I ponder this for a bit and ask for advice from a helpful Brit who owns a gallery in town. It seems I can mail the painting to myself easily enough, but that requires a skill in packaging I simply don’t have, not to mention the materials themselves. Moreover, it would be difficult to find a local shipping company before I leave for Pisa in the morning. It is the weekend, after all. There are art dealers who handle such things, of course, but that would require the formality of Italian export laws, which treat antiques as cultural assets. He says that it could both time consuming and costly to acquire approval. Inasmuch as I like the painting, I decide not to risk it in the end.
I’m disappointed, but when I don’t see anything else to tempt me, I opt to walk away empty handed, and turn my focus to other pursuits.

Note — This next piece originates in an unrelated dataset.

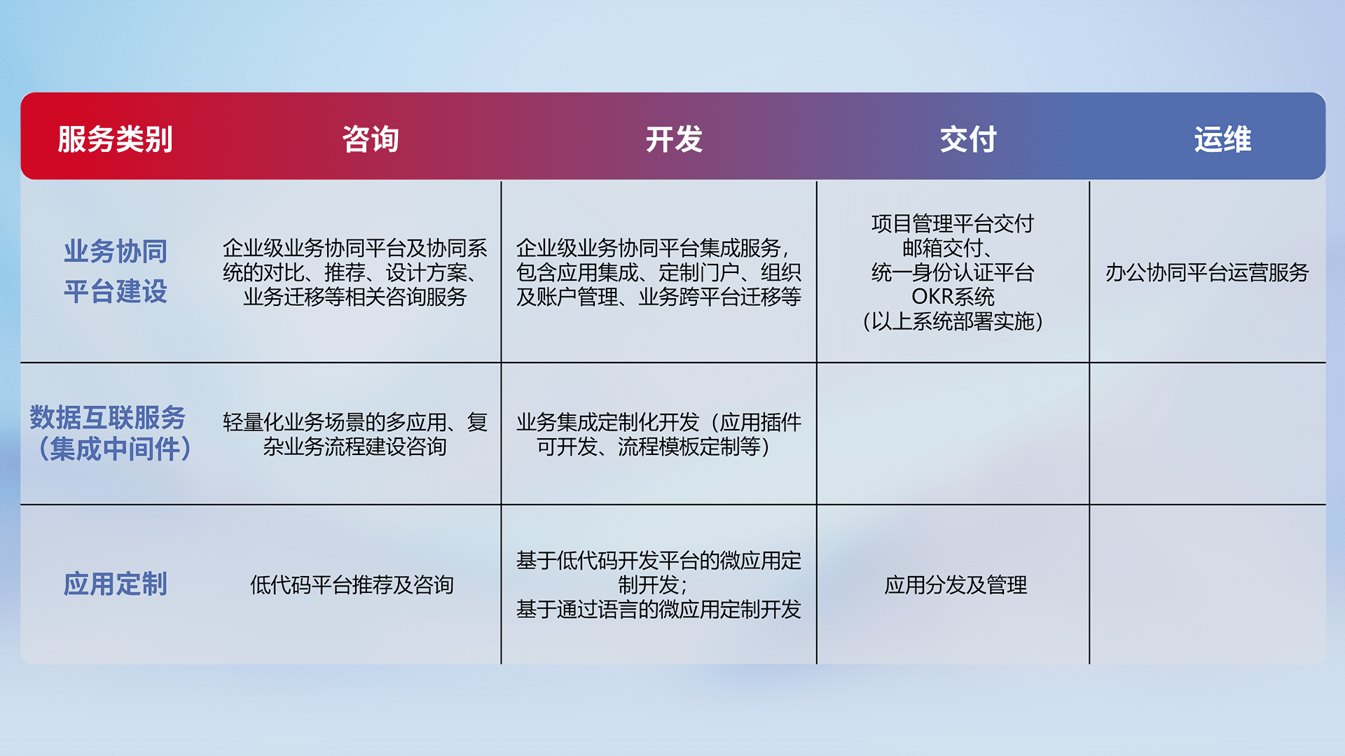 针对钉钉、、企微、、、IDaas等平台级产品提供产品的规划、、、方案、、、、交付、、定制化开发等服务,,,实现如统一协同办公、、智能客户服务、、、、混合会议管理、、、智能数据查询、、、、等业务场景,,,,实现数字化转型。。

I go shopping in the upscale boutiques along Via Fillungo, and visit the church of San Michele in Foro and the San Martino Cathedral. I stop for some macadamia nut gelato at De’ Cotelli, and climb the Torre dell’ Orologio for the postcard views. And, of course, I walk along the city walls, alongside joggers, and bicyclists, and families with strollers. It’s too beautiful of an afternoon to be caught indoors.

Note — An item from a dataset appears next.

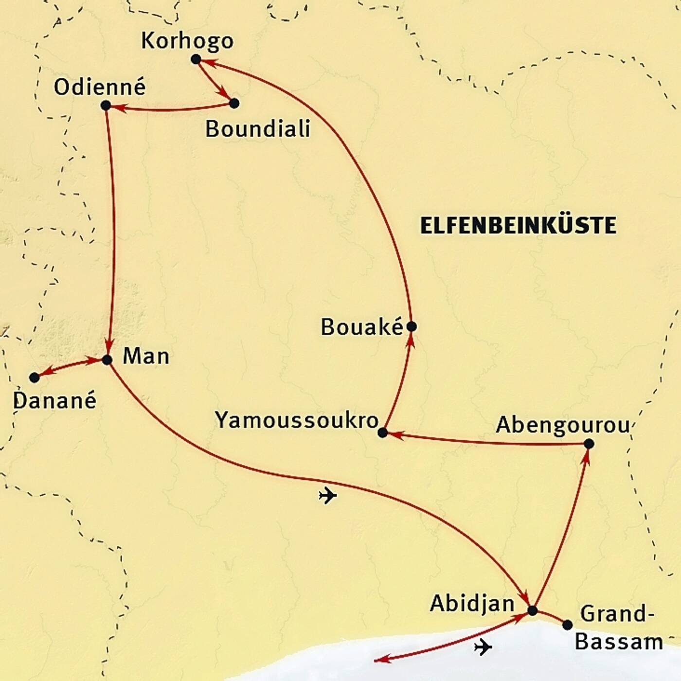 Abidjan - Abengourou - Yamoussoukro - Bouake - Korhogo - Boundiali - Odienne - Man - Danané - Abidjan - Grand Bassam - Abidjan

By 7:00 PM, I’m back at the church of San Giovanni for a concert, at the suggestion of Diane the night before. One of the great composers of Italian opera, Giacomo Puccini was born in Lucca in 1858 and has remained a favorite son ever since. The daily concerts that are offered during the Puccini e la sua Lucca festival appeal unapologetically to the tourist crowd. Lasting just an hour, they are the perfect pre-dinner recital, and the musical selections are largely arias and duets from accessible and well-known operas, including Tosca, Madame Butterfly, and Turnadot. Still, the soloists are first rate and I enjoy it immensely, with one exception.
There is a woman in the row in front of me who insists on videotaping the entire event on her cell phone, probably for bragging rights back home to impress friends and family with her cultured taste. It’s like having double vision, seeing the performers singing live in one eye, while a tiny video simulcast plays in the other. It’s beyond annoying and it would never be allowed at La Scala in Milan or at the Metropolitan Opera in New York, but here in Lucca there is a benign and relaxed tolerance for such things.

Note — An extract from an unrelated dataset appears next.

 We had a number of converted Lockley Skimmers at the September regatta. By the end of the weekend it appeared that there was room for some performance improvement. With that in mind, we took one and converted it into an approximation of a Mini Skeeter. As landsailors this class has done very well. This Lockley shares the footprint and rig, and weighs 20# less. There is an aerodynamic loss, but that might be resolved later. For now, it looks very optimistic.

Because it seems fitting, I have dinner afterwards at Paris Bohème in Piazza Cittadella, so that I can sit facing the city’s bronze statue of Puccini. The night air has grown chilly and I wish I had thought to bring a jacket. I have a bowl of carrot soup and a satisfying plate of tortelli lucchesi in a rich ragù of Chianina beef.
On the short walk back to the hotel, I find myself humming “O Solo Mio,” the encore sung by the two dueling tenors at the concert tonight, to the rousing applause of the audience. It seems appropriate, for indeed, “what a wonderful thing a sunny day…”
Che bella cosa na jurnata ‘e sole,
n’aria serena doppo na tempesta!
Pe’ ll’aria fresca pare già na festa…
Che bella cosa na jurnata ‘e sole.
Ma n’atu sole
cchiù bello, oje ne’.
O sole mio
sta ‘nfronte a te!
O sole
O sole mio
sta ‘nfronte a te!
sta ‘nfronte a te!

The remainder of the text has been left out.